病院勤務の看護師に比べて心身の負担が少ない産業看護師ですが、メリットだけでなくデメリットもあります。産業看護師として働くにあたり、どのような点に注意すればいいのかをわかりやすく説明していきます。
産業看護師の平均年収と一般的な看護師の平均年収はそこまで差がありません。産業看護師の給与は企業の規模によりますし、夜勤手当や残業代もないので、その分給与が下がってしまう可能性もあります。しかし、昇給のチャンスも多く、選ぶ企業によっては年収がアップする可能性も十分にあります。満足のいく職場を見つけるためには求人選びで妥協しないことが大切です。
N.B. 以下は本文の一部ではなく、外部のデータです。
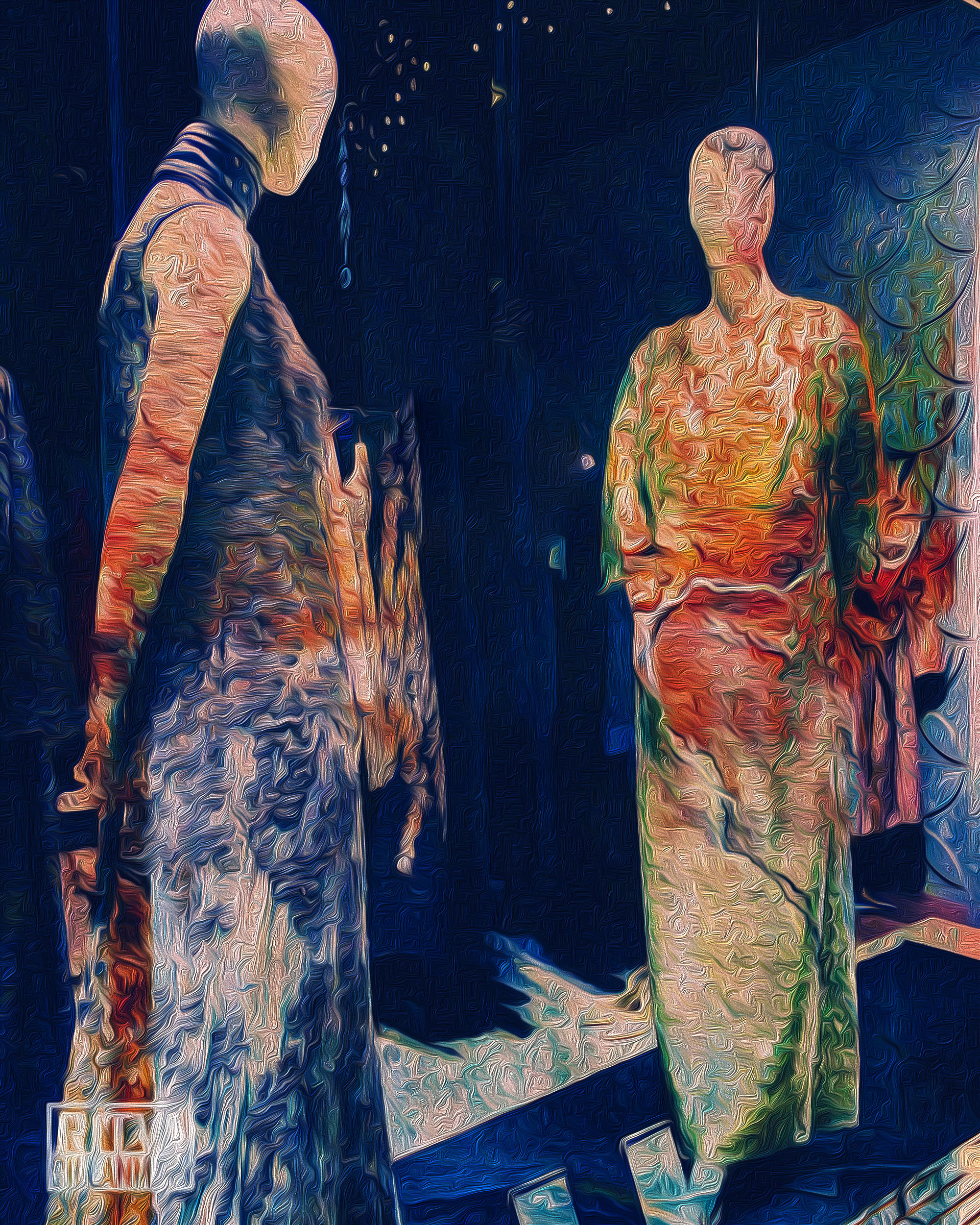 See how the textures change this painting of ladies, that I’ve done from a photo of mine taken when window shopping . Just the contrast and vibrance of the colors make a hufe difference. How so you see the variations?

データ管理などのデスクワークも多いので、最低限のパソコンスキル(メールの書き方やWord・Excel・PowerPointの作成方法)は身につけておかなければなりません。また企業で働くので、社内の人だけでなく取引先など様々な立場の人と接する機会も増えます。基本的なビジネスマナーが求められるので、パソコンスキルやビジネスマナーを学ぶ機会が少なかった人は、転職当初は覚えることが多く、面倒に感じるかもしれません。
産業看護師は社員の健康管理やメンタルヘルス対策、保健指導が主な仕事です。急病やケガなどの応急処置も行いますが、病院勤務のように患者に医療処置を行う場面はほとんどありません。看護スキルの低下は避けられないでしょう。それに、最新の治療法や薬剤、看護ケアなどの情報からも遠ざかってしまいます。いずれ病院勤務に戻ることを考えているのであればリスクにもなりかねません。
継続的にスキルアップしたい人や知識を深めたい人には大きなデメリットになります。
産業看護師の場合、1つの現場に看護師は1人、多くても数人しかいません。先輩や同僚の看護師がいないので、病院勤務とは勝手が違うと感じることも多いでしょう。慣れない環境の中、1人で仕事をすることにストレスを感じる人もいます。
産業看護師は1つの職場に1人もしくは数人しか配置されないため、求人自体が少なく、募集があってもすぐに埋まってしまいます。また、企業によっては年齢制限が設けられていることもあり、転職したいと思っても必ずしも希望が叶えられるとは限りません。
それに、企業が求めているのは即戦力となる人材です。仕事内容も病院勤務とはかけ離れているので、それなりの覚悟と自信、経験がなければ難しいでしょう。
産業看護師は特定の人にしか紹介されない非公開求人として扱われることが多いです。非公開求人は転職エージェントに登録している人にしか紹介されません。まずは2~3社の転職エージェントに登録し、募集があるか確認できるようにしておきましょう。
病院勤務の看護師と大きく異なるのは心身の負担が少ないことでしょう。命に関わる事態に巻き込まれることがなくプレッシャーも少ないので、余裕を持って仕事を進められます。人間関係のトラブルもほとんどなく、精神的に追い込まれることもありません。
産業看護師の勤務先として代表的なのは、企業の医務室や製薬会社の治験コーディネーター、臨床開発モニター、医療機器メーカーなどです。治験コーディネーターは専門的な知識を必要とする場面も多いので、その道に進む看護師も少なくありません。